Aliás, o mesmo Zizek que, no delicioso documentário “O Guia Pervertido do Cinema”(o título original é mais legal – The Pervert´s guide to Cinema – porque deixa claro que o pervertido é o espectador, não o guia) disseca várias cenas de filmes clássicos pensando nessas coisas. Minha favorita é a de “Cidade dos Sonhos”, quando a cantora desmaia e descobrimos que a voz não saía dela, era dublada. No entanto, antes disso, seríamos capazes de atestar como real a cantoria. Uma fantasmagoria das melhores, dessas que, vamos combinar, são parte da matéria-prima do cinema. E das relações humanas.

Jonze sacou isso extraordinariamente bem. E casou as duas coisas de uma forma tão perfeita, que pouca gente ousa dissociá-las. Mas é prestar atenção pra comprovar: Theodore trabalha emulando sentimentos. Contratado por pessoas que querem mandar cartas aos seus familiares/amigos/afetos, ele dita as mensagens para um computador, que as escreve em “letra de mão” e envia para felizardos destinatários. É o sentimento em sua artificialidade máxima, exposta, em carne viva. Difícil entender porque aqui isso parece “condenável”, “artificial” e “pervertido” enquanto em Central do Brasil parecia emocionante, puro e humano.

O fato de que o personagem conviva mais com um videogame altamente interativo do que com alguns conhecidos de carne e osso incomoda mais o público do que o protagonista. Até porque, convenhamos, os amigos de Theodore são bem mais chatos que o bichinho boca suja do video game. Aquele boneco e Samantha, juntos, são mais interessante que todo o resto dos coadjuvantes que desfilam pela tela.

Esse mesmo público vai achar, na cena final, quando o protagonista vai ao terraço e tem um encontro com outra “pessoa de corpo”, que tudo era uma crítica à virtualidade das relações num mundo onde todo mundo se acha muito conectado mas vive sozinho. E há uma certa razão nisso.

Mas a crítica, no caso, é: essas pessoas só ficam sozinhas porque insistem em procurar um “real”, uma “essência” em seus sentimentos que, desde que o mundo é mundo, não existe.

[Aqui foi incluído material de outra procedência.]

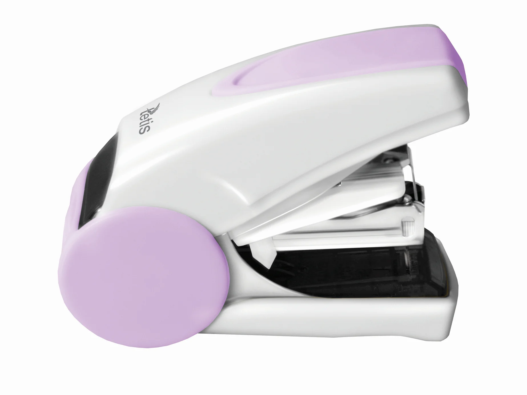 Mini zszywacz w fioletowo-białej obudowie z tworzywa sztucznego, części mechaniczne metalowe. System zszywania płaskiego pozwala zaoszczędzić 30% wolnego miejsca podczas archiwizacji dokumentów. Specjalnie skonstruowana dźwignia redukuje siłę nacisku do 50%. Dostosowany do zszywek o nr 10. Zszywa do 20 kartek. Dodatkowo wyposażony w metalowy rozszywacz. Głębokość wsuwania kartek: 25mm. Pojemność magazynka: 100 zszywek. Opakowanie: blister.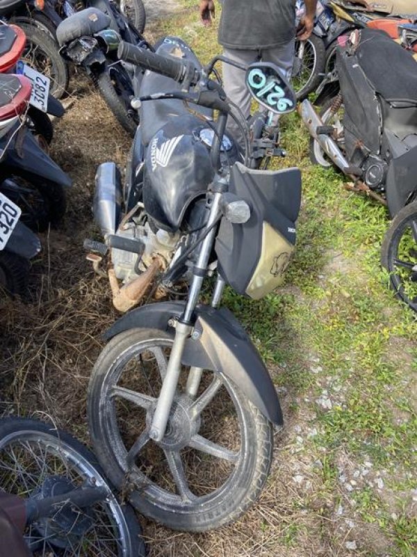 HONDA/CG 150 TITAN EX, ANO/MOD 2011/2012, COR PRETA, COMBUS ALCOOL/GASOLINA, PLACA OHC5259-AL, RENAVAM 391469037, CHASSI 9C2KC1660CR515710, Nº MOTOR KC16E6C515710. OBSERVAÇÕES: PLACA DANIFICADA, BANCO RASGADO, CARENAGENS COM DANOS, GUIDÃO COM MUDANÇAS DE CARACTERÍSTICAS, VEÍCULO COM DANOS NA PARTE EXTERNA, REGULARIZAÇÃO POR CONTA DO COMPRADOR).

E essa ironia é ainda mais deliciosa porque tudo isso transcorre numa tela sintética branca, que reflete uma projeção feita por uma máquina, ampliando imagens gravadas numa película de prata, a partir de uma representação ensaiada e dirigida a partir de uma história imaginada por alguém e sistematizada num roteiro.

Chega a ser até engraçado – e tem ares de comicidade na melancolia de “Ela” – que alguém que considere “natural” se sentar numa sala escura para assistir uma coisa dessas e se emocionar com ela julgue o que vê na tela como algo inferior, ou mesmo diferente daquela experiência que (isso ninguém discute) lhe parece muito real. Real o bastante para que se abra o Twitter ou o Facebook e comece uma discussão com os amigos (“virtuais”) sobre o que se acaba de ver.

E é por distinções absurdas como essa que ainda tem gente que usa o argumento da “naturalidade” para controlar a sexualidade humana a partir de um sistema artificial de leis. Que se assume criação de um deus (portanto, artificial) e acha que isso é perfeitamente natural. Que jura que o que está por baixo da Matrix é melhor apenas porque não é maquínico, embora, naquele mesmo filme, Zion fosse povoada por homens híbridos de máquinas.

A essa altura, desconfio que existe um motivo para que “Ela”, em inglês, chame-se “her” e não “she”. O filme, assim como o pronome, não é reto como nossa consciência. É oblíquo, como o é nosso inconsciente.

Ela (Her)
EUA, 2013. 126 min.
Direção: Spike Jonze
Roteiro: Spike Jonze
Com: Joaquin Phoenix, Amy Adams, Scarlett Johansson

Um comentário sobre “Um autômato chamado amor

  1. Concordo que a arte pode mudar o mundo e o texto foi muito bem escrito, parabéns Dimas, primeiro vida louca da história. O filme é lindo, a musica dessa leitura também e o texto muito bem escrito.